• Requirement: Would you transcribe the whole listing exactly, minus its pictures?

• Data below:
-=-=-
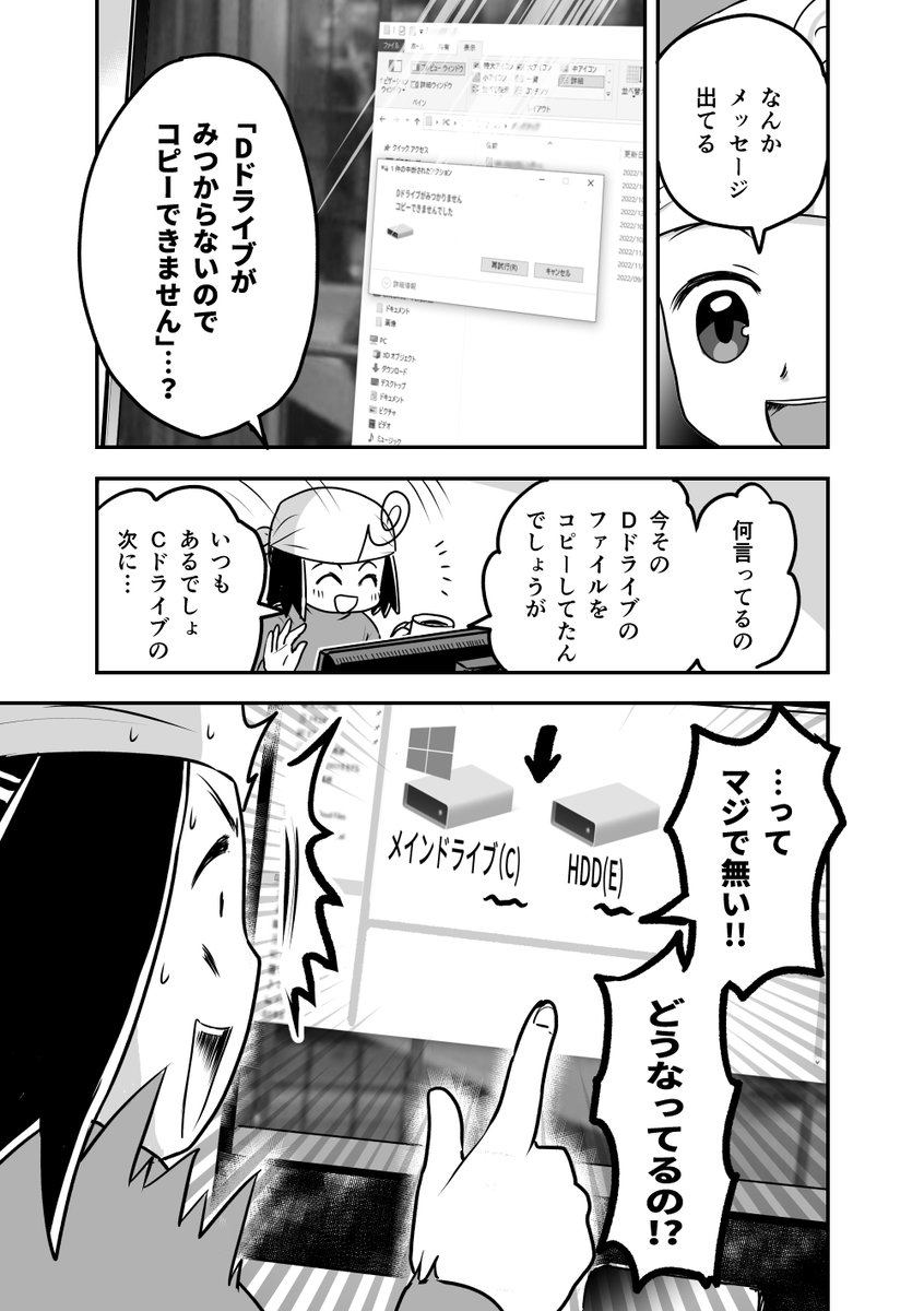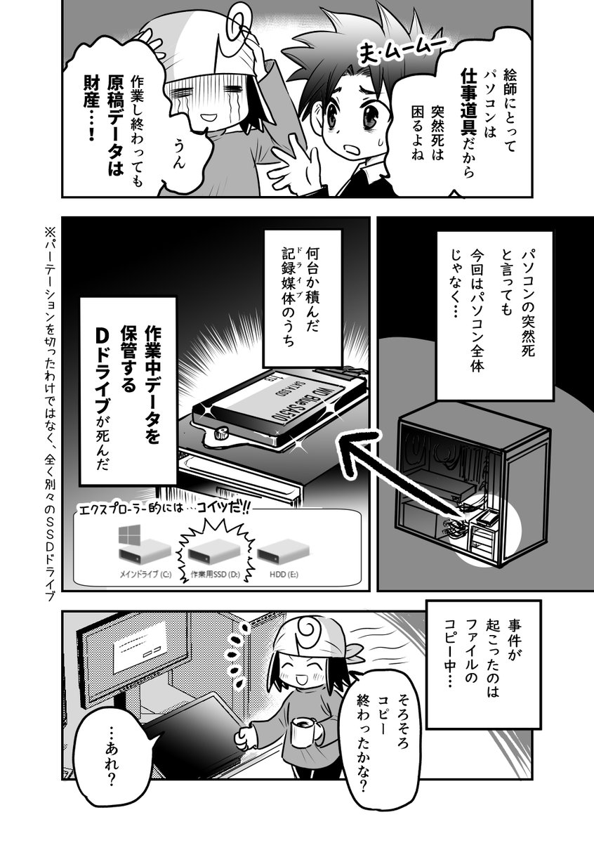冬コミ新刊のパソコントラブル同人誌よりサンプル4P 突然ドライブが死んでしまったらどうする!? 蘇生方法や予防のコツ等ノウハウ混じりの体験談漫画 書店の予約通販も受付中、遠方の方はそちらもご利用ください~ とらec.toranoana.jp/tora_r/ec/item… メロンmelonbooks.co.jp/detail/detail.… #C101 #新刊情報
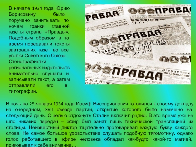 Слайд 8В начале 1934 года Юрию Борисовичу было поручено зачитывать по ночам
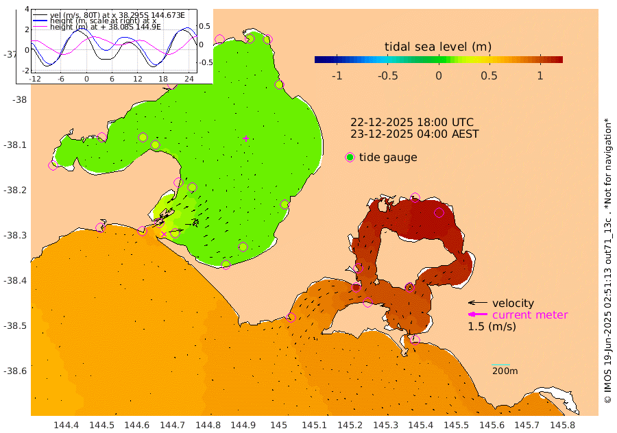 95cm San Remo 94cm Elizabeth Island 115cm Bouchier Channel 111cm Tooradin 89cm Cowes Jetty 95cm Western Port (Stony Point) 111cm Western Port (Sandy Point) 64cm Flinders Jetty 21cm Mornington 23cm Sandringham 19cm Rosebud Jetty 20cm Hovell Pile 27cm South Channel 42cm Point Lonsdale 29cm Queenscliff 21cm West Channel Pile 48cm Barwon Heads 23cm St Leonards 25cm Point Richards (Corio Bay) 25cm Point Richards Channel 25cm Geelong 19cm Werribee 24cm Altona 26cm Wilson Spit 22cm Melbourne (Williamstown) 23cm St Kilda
-=-=-
• Output below:
冬コミ新刊のパソコントラブル同人誌よりサンプル4P 突然ドライブが死んでしまったらどうする!? 蘇生方法や予防のコツ等ノウハウ混じりの体験談漫画 書店の予約通販も受付中、遠方の方はそちらもご利用ください~ とらec.toranoana.jp/tora_r/ec/item… メロンmelonbooks.co.jp/detail/detail.… #C101 #新刊情報
 Слайд 8В начале 1934 года Юрию Борисовичу было поручено зачитывать по ночам
 95cm San Remo 94cm Elizabeth Island 115cm Bouchier Channel 111cm Tooradin 89cm Cowes Jetty 95cm Western Port (Stony Point) 111cm Western Port (Sandy Point) 64cm Flinders Jetty 21cm Mornington 23cm Sandringham 19cm Rosebud Jetty 20cm Hovell Pile 27cm South Channel 42cm Point Lonsdale 29cm Queenscliff 21cm West Channel Pile 48cm Barwon Heads 23cm St Leonards 25cm Point Richards (Corio Bay) 25cm Point Richards Channel 25cm Geelong 19cm Werribee 24cm Altona 26cm Wilson Spit 22cm Melbourne (Williamstown) 23cm St Kilda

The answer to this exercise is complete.